Cohen, a lawyer and member of the Times editorial board since 2002, writes, "The nation is heading toward a constitutional showdown over the Iraq war. Congress is moving closer to passing a bill to limit or end the war, but President Bush insists Congress doesn't have the power to do it. 'I don't think Congress ought to be running the war,' he said at a recent press conference. 'I think they ought to be funding the troops.' He added magnanimously: 'I'm certainly interested in their opinion.'"

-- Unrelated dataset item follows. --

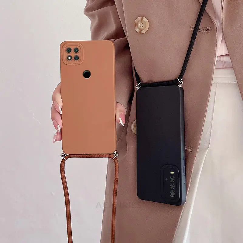 Coque de téléphone avec lanière à bandoulière, étui en Silicone mat pour Xiaomi Redmi 10 9 ACST Pro

"The war is hardly the only area where the Bush administration is trying to expand its powers beyond all legal justification," Cohen continues. "But the danger of an imperial presidency is particularly great when a president takes the nation to war, something the founders understood well. In the looming showdown, the founders and the Constitution are firmly on Congress's side."
Excerpts from column:
#
The founders would have been astonished by President Bush's assertion that Congress should simply write him blank checks for war. They gave Congress the power of the purse so it would have leverage to force the president to execute their laws properly. Madison described Congress's control over spending as “the most complete and effectual weapon with which any constitution can arm the immediate representatives of the people, for obtaining a redress of every grievance, and for carrying into effect every just and salutary measure.”
....
Members of Congress should not be intimidated into thinking that they are overstepping their constitutional bounds. If the founders were looking on now, it is not Harry Reid and Nancy Pelosi who would strike them as out of line, but George W. Bush, who would seem less like a president than a king.